= PROVIDED MATERIAL =

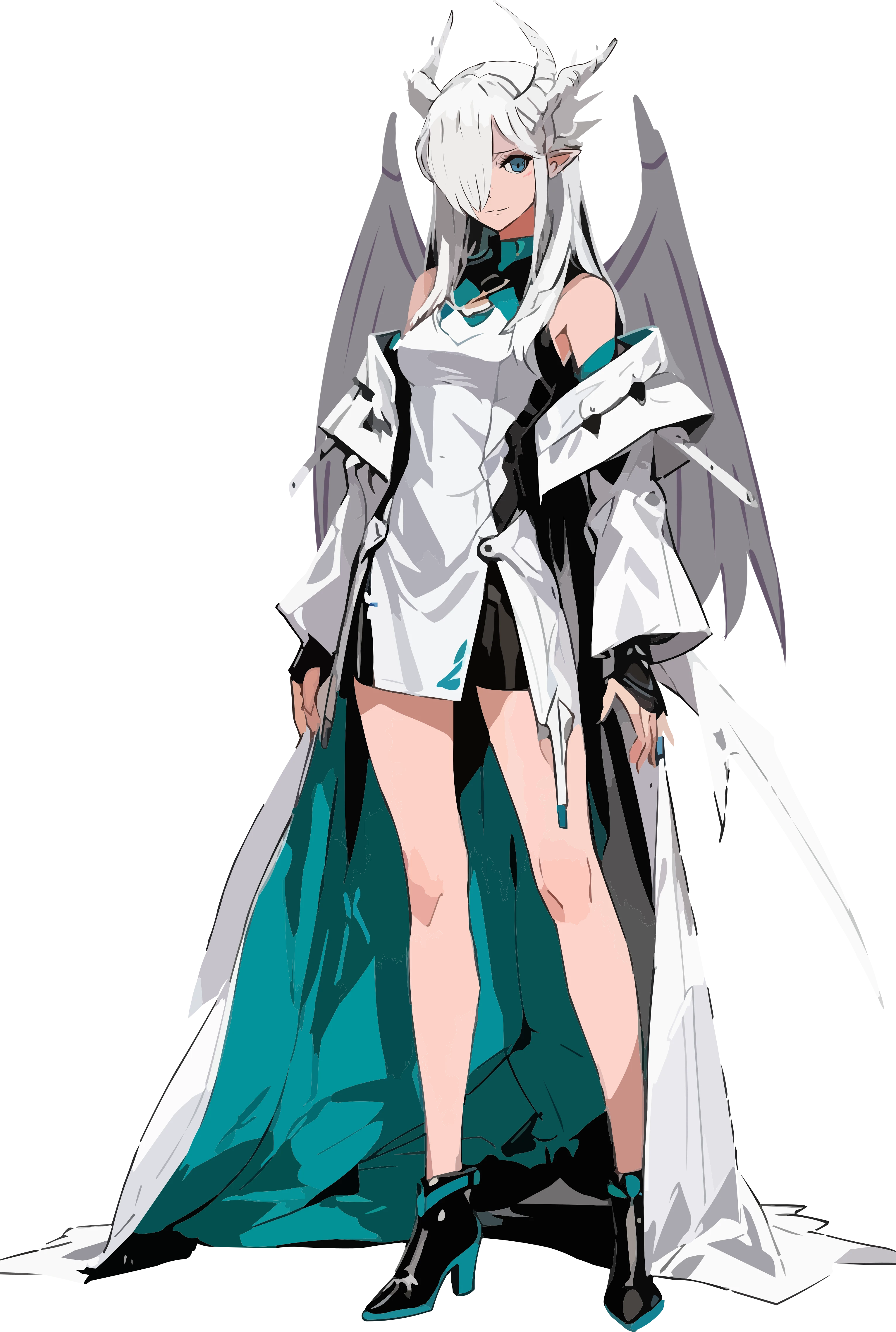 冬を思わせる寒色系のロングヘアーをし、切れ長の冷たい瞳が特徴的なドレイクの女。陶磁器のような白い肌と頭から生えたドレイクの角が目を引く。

...

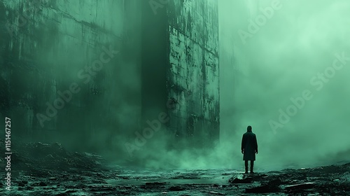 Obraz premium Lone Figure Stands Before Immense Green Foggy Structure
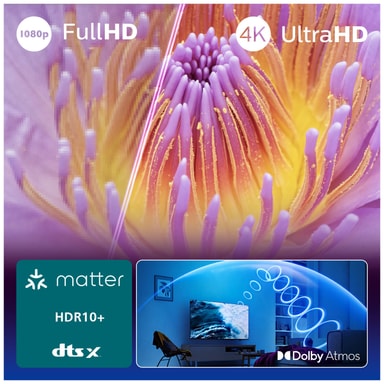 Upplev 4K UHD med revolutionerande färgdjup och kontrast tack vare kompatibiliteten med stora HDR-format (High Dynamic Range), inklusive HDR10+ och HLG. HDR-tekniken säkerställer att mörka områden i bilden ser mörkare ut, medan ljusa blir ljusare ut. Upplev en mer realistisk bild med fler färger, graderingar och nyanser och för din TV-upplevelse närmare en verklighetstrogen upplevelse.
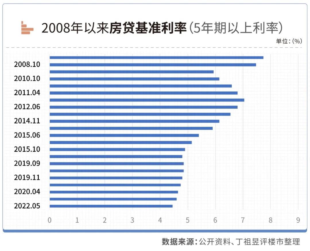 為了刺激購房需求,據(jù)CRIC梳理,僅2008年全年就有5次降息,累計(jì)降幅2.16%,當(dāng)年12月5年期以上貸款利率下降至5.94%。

...

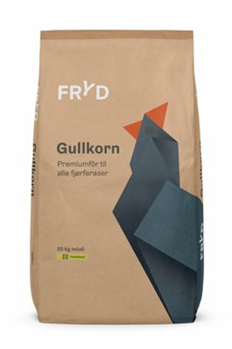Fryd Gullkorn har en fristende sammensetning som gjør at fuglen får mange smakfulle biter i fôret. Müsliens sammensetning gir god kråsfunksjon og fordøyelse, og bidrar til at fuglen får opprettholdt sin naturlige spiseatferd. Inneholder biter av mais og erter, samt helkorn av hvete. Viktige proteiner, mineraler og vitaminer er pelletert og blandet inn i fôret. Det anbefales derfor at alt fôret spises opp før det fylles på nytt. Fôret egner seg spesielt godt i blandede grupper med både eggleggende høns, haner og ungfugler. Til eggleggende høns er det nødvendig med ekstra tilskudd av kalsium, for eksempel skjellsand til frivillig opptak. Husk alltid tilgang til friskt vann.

= ACTIVITY =
Beginning with the line that contains "Upplev 4K UHD" and ending with the line that contains "為了刺激購房需求,據(jù)", reproduce the listing exactly, pictures excluded.

= RESPONSE AREA =
 Upplev 4K UHD med revolutionerande färgdjup och kontrast tack vare kompatibiliteten med stora HDR-format (High Dynamic Range), inklusive HDR10+ och HLG. HDR-tekniken säkerställer att mörka områden i bilden ser mörkare ut, medan ljusa blir ljusare ut. Upplev en mer realistisk bild med fler färger, graderingar och nyanser och för din TV-upplevelse närmare en verklighetstrogen upplevelse.
 為了刺激購房需求,據(jù)CRIC梳理,僅2008年全年就有5次降息,累計(jì)降幅2.16%,當(dāng)年12月5年期以上貸款利率下降至5.94%。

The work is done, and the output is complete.